Sunday, September 10, 2023

In short: Searching for Sugar Man (2012)

At the beginning of the 70s, Sixto Rodriguez made two good to great folk rock albums, only to disappear from the public stage (well, there was a late 70s/early 80s comeback in Australia, but the film at hand doesn’t mention it and probably genuinely doesn’t know about that part of the story). Unbeknownst to anyone in the US – certainly the artist – Rodriguez’ output became something of a key cultural artefact for the white anti-Apartheid counterculture in South Africa, with some of his songs being veritable black market hits.

Following the end of Apartheid – which also brought with it official versions of the records Rodriguez apparently saw as little money off as from the bootlegs because the record industry sucks – and a lot of pretty unbelievable rumours about Rodriguez’ death – “best” of them the one about him committing suicide on stage in front of an audience unappreciative of his music – some of the man’s South African fans start to dig into the case of their lost idol. Eventually, they not just find out where he lived – Detroit, which comes as little surprise given the Motown connection of his records – but also that he’s actually still alive (or was, as Rodriguez unfortunately died just this August).

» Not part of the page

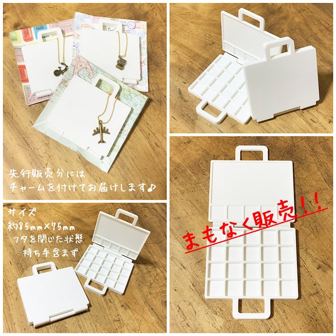 2 25 新しいパレットの先行販売のお知らせ。来月からパレットシリーズに加える予定の「旅鞄パレット」を先行販売しようと思います。お散歩で出かけたところや、旅先から「#旅するパレット」と付けて投稿していただけたら嬉しいです。#3Dプリント #パレット #水彩 #イラスト #お絵描き #スケッチ #トランク 22/09/22 18:17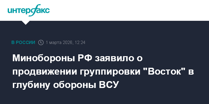 Минобороны РФ заявило о продвижении группировки "Восток" в глубину обороны ВСУ

Which leads to a triumphant tour in South Africa.

There’s something special about Malik Bendjelloul’s Searching for Sugar Man that doesn’t lie in its effectively used but still pretty standard music documentary format. Probably, this special quality has a lot to do with how it resonates with the Romantic in many a music lover, the way it portrays how music taken out of its original context can take on different, important, (personal) world-changing qualities in a different part of the world. There’s something at once hopeful and strange about this, art resonating in different ways as planned that are still sympathetic to its source.

It is doubly nice that this is one of the handful of films and stories about rediscovering a lost musician that end happily, even quietly triumphantly, with the artist not just being alive but also happy, not having recorded further music but having had what feels like a full and interesting life, and was still living it when this was shot.